Tue, 25 Oct 2005

Maintain the Constitution as Japan's apology

Hiroyuki Sakai, The Asahi Shimbun, Tokyo

For most of my 41-year career served in companies, I was assigned to various parts of Southeast Asia where I started and ran several local businesses. Working with local residents, I was often exposed to the vestiges of the "Greater East Asia War."

In the Philippines, a local mayor bitterly recounted to me during a New Year's party that thousands of Filipinos were accused of espionage, slaughtered and thrown into a ravine near my factory by the Japanese army.

All I could do was to mutter an apology for an act of atrocity committed by my parents' generation.

I was relieved when the mayor expressed appreciation for the way my factory was hiring thousands of citizens and treating them well and said he would not hold a grudge against something that happened a long time ago.

Still, I remember how he seemed to imply that local residents do not easily forget history.

In Singapore, I also came across a resident who begrudgingly told me how one of his parents was beheaded by a Japanese soldier.

In Taiwan, one person reproachfully said his parent was dragged into war and his house was burned down in an air raid. Even in Thailand, which was a Japanese ally, a resident criticized the Japanese army for landing at Singora in southern Thailand without giving advance notice to the Thais. These are just a few of the countless occasions on which I had to resign myself into listening to similar accounts.

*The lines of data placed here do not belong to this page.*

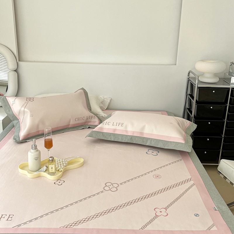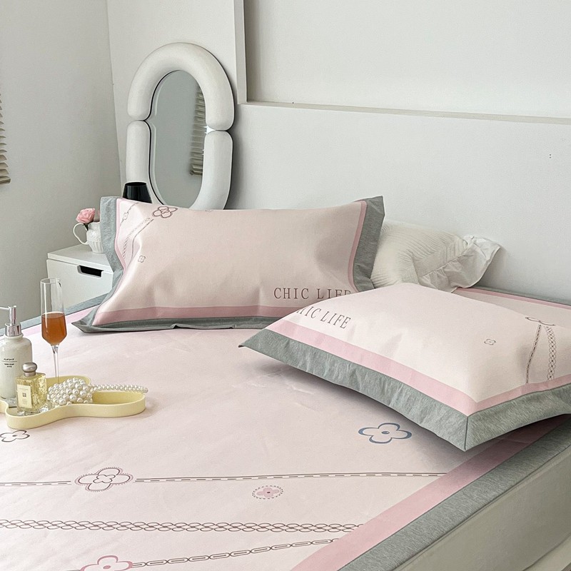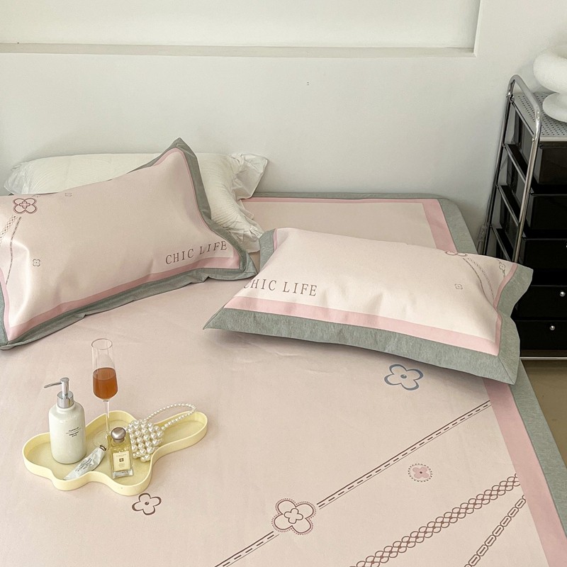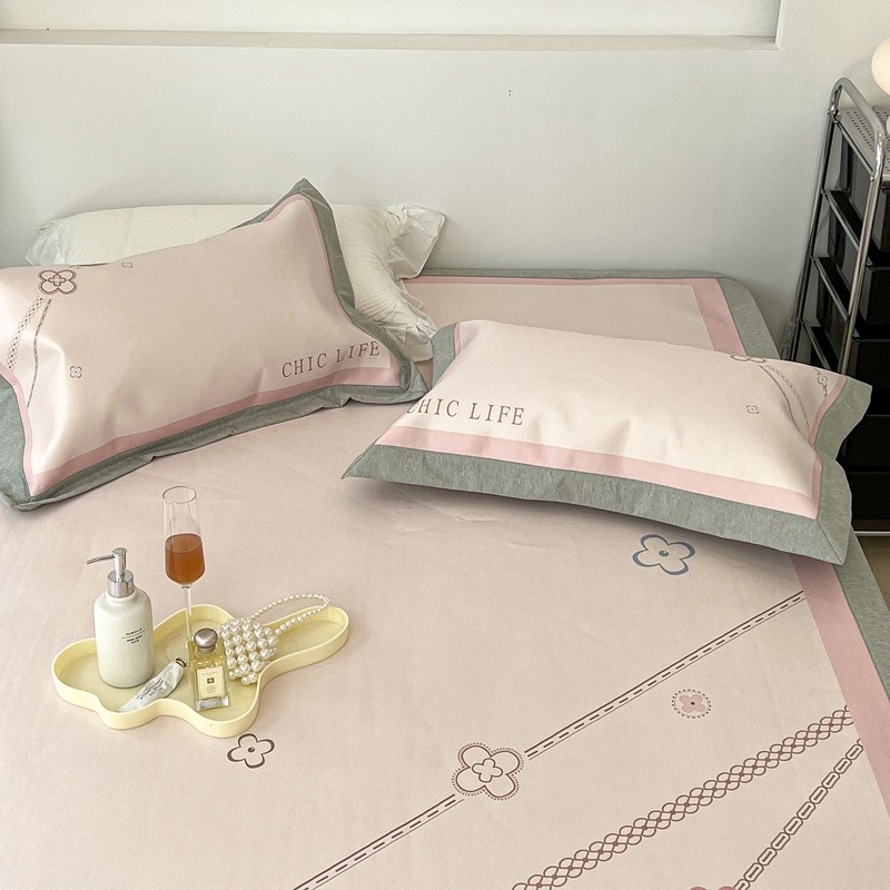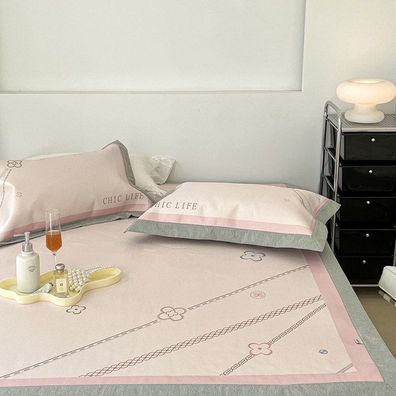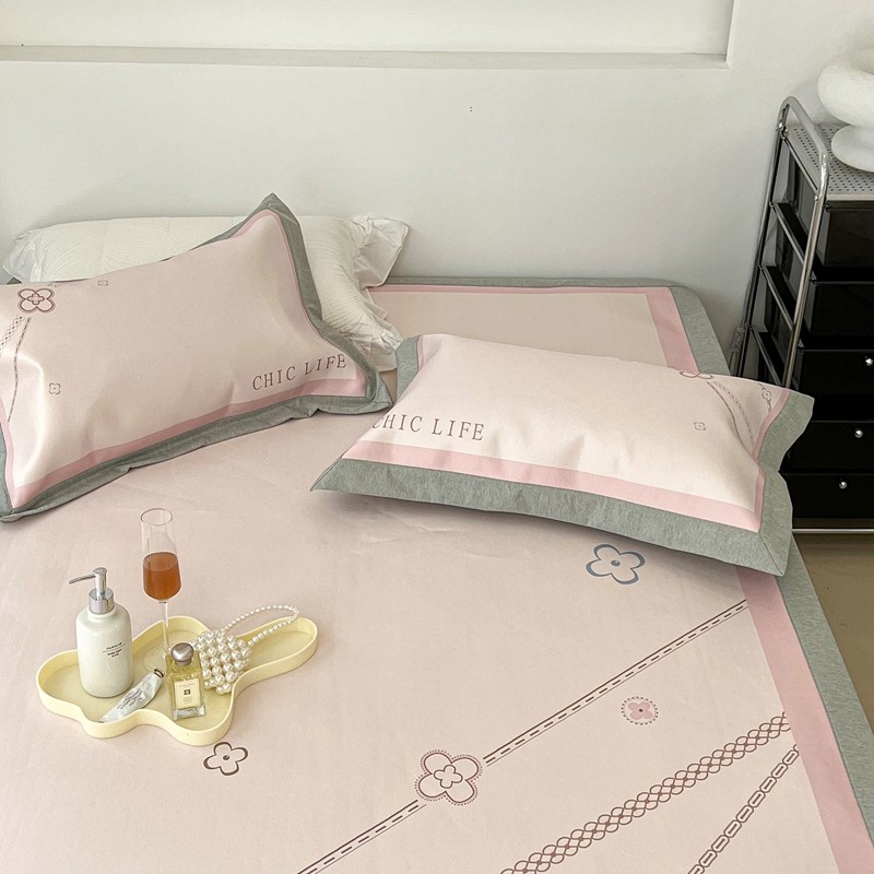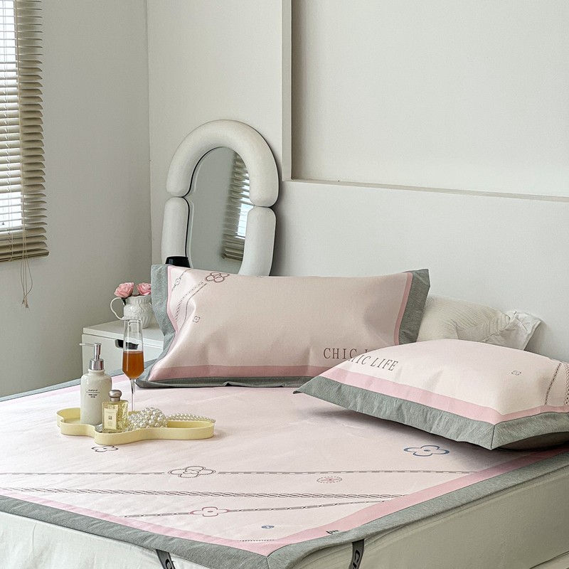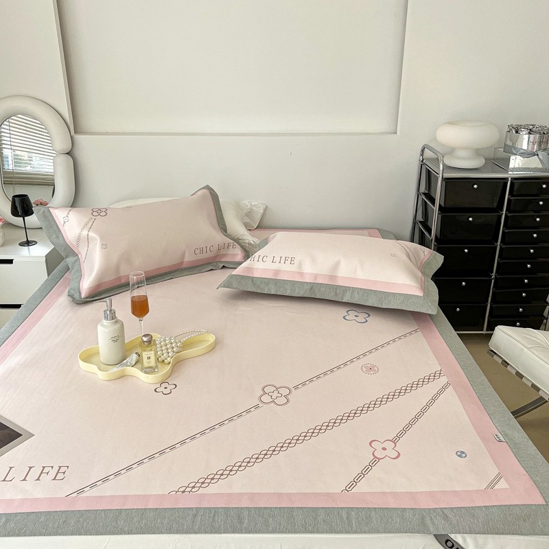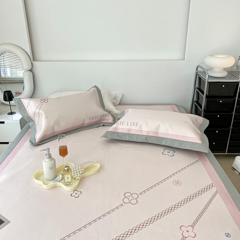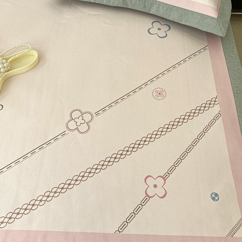 昔可 2022新款大版数码水洗冰沐丝凉席 幸运花链粉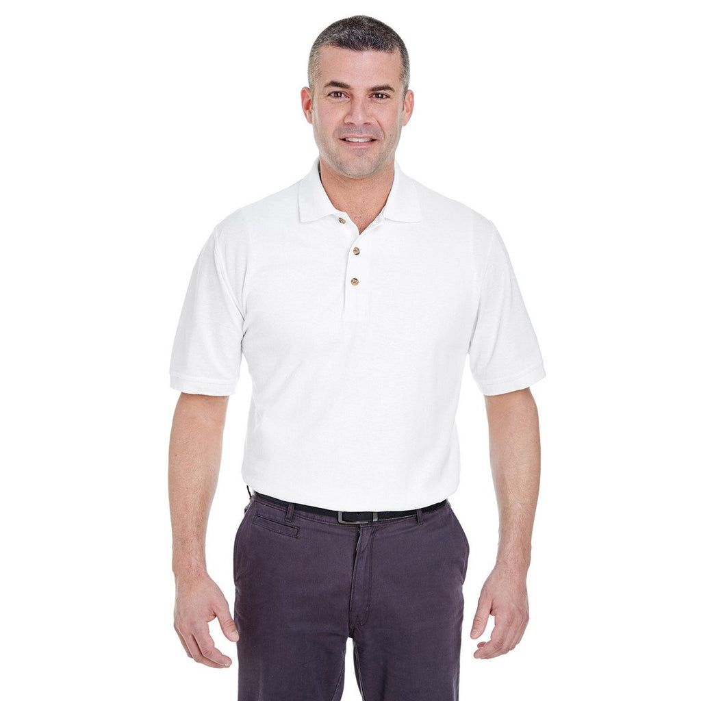 Why do so many clothing designers leave tall people hanging? The UltraClub Men's White Tall Classic Pique Polo takes care of tall men by incorporating plenty of preshrunk 100% cotton pique into the design of the versatile polo. Wear the sleek shirt to work and keep it on after work during happy hour. Wood-tone buttons create enough visual appeal to prompt your professional peers to ask, "Where did you get that shirt." Display the company logo you added to the large imprint area to get the word about your products and services. The relaxed fit conveys a quiet confidence during corporate events.Highlights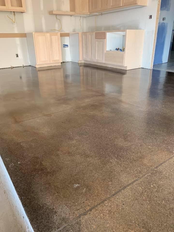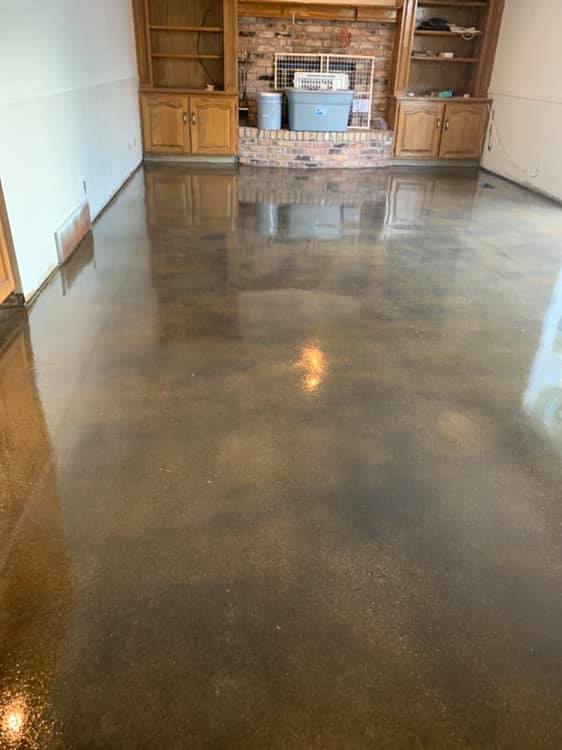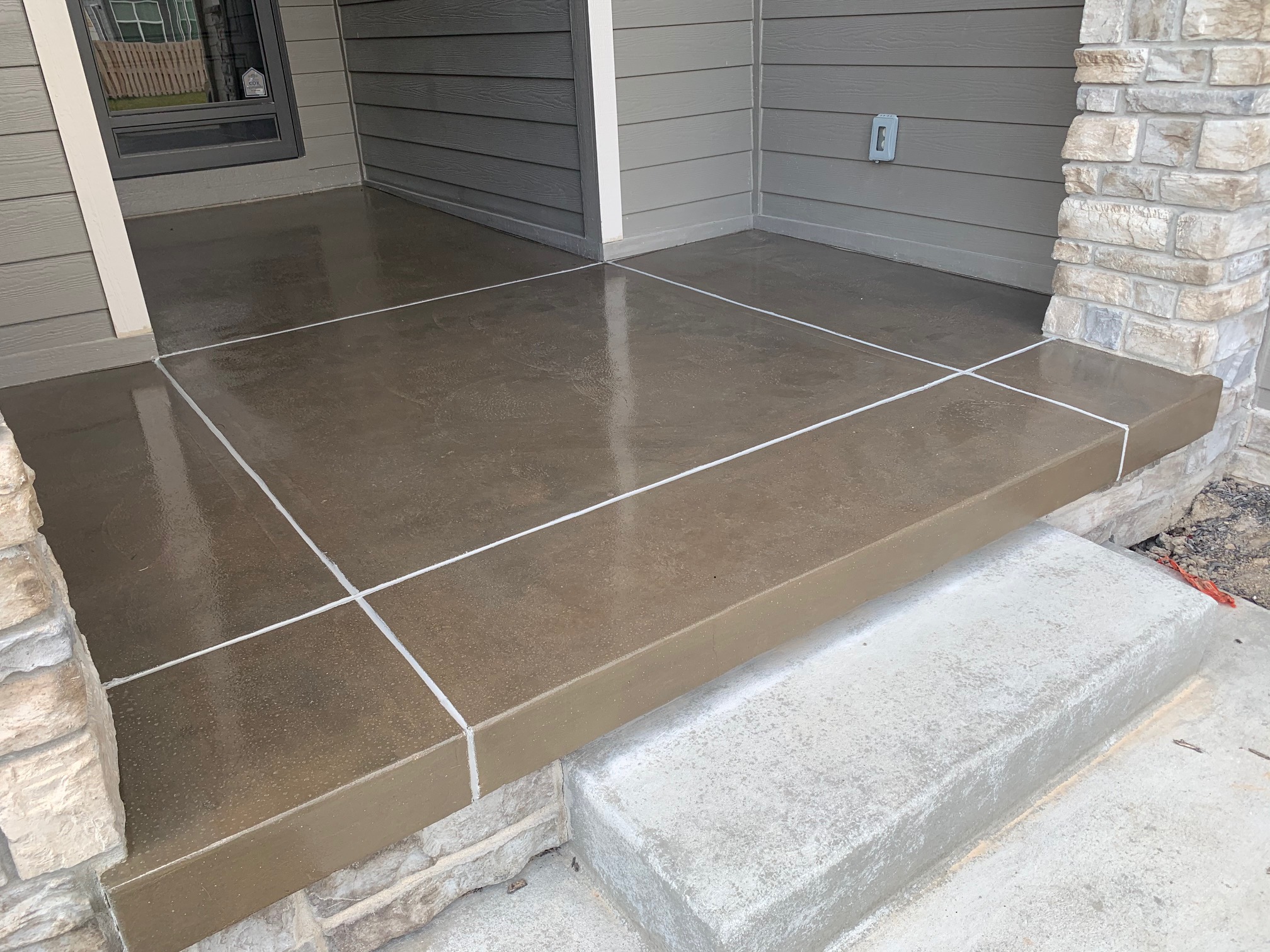 Garage Revolution can stain your indoor or outdoor concrete. First we prepare the concrete as well as make repairs, then we apply a semi-transparent stain, and finally we apply a UV stable sealant to protect your decorative concrete.

On a television program aired on the evening of Oct. 11, a Myanmar man who helped the Japanese army during the war said his father was executed for working for the Japanese army. He showed a wad of military scrip issued by the Japanese government that could not be converted into real money.

I recently read Senso Sekinin-ron (A view on war responsibility) written by Shinichi Arai and published by Iwanami Shoten in June. In the book, the author points out that postwar Japan has not reflected on its wartime deeds and goes on to say that the Japanese people have yet to specify war criminals and punish by themselves as the aggressor and apologize to the peoples of Asian countries for causing them damage.

Having personally undergone the above mentioned experiences, I was taken aback at his observation. The first part about Japan failing to reflect on its wartime aggression is commonly debated among intellectuals.

But it struck me that the second point tends to escape our attention. It is our obligation as a nation to apologize to the peoples of Asia. For that, we must achieve peaceful coexistence with them. And the process to attain that goal starts from denying all possibilities of war and much more aggression to other countries.

In that sense, constitutional revision, in particular revising war-renouncing Article 9, is a serious problem. Having scored a landslide victory in the September Lower House election under the banner of postal privatization, the Liberal Democratic Party led by Prime Minister Junichiro Koizumi drafted its constitutional revision proposals.

They ratify the Self-Defense Forces as a national army and spell out patriotism and national defense. They appear that in order to protect "independence," they call for an "effort by the people who love their country." But I think "effort" anticipates the draft system and overseas dispatch of Japanese troops.

I belong to the last generation of Japanese who personally experienced World War II. Also, as a person who worked with Asian people and shared their joys and sorrows, I wish to call on fellow Japanese never to cause misery and damage to our Asian neighbors.

We must not cause them to harbor fear and wariness toward Japan. For that, we must safeguard our peace Constitution, which is unique in the world. I believe maintaining the Constitution serves as the rigid backbone of our apology to the Asian people who suffered from Japan.

The writer is a former business executive in Southeast Asia.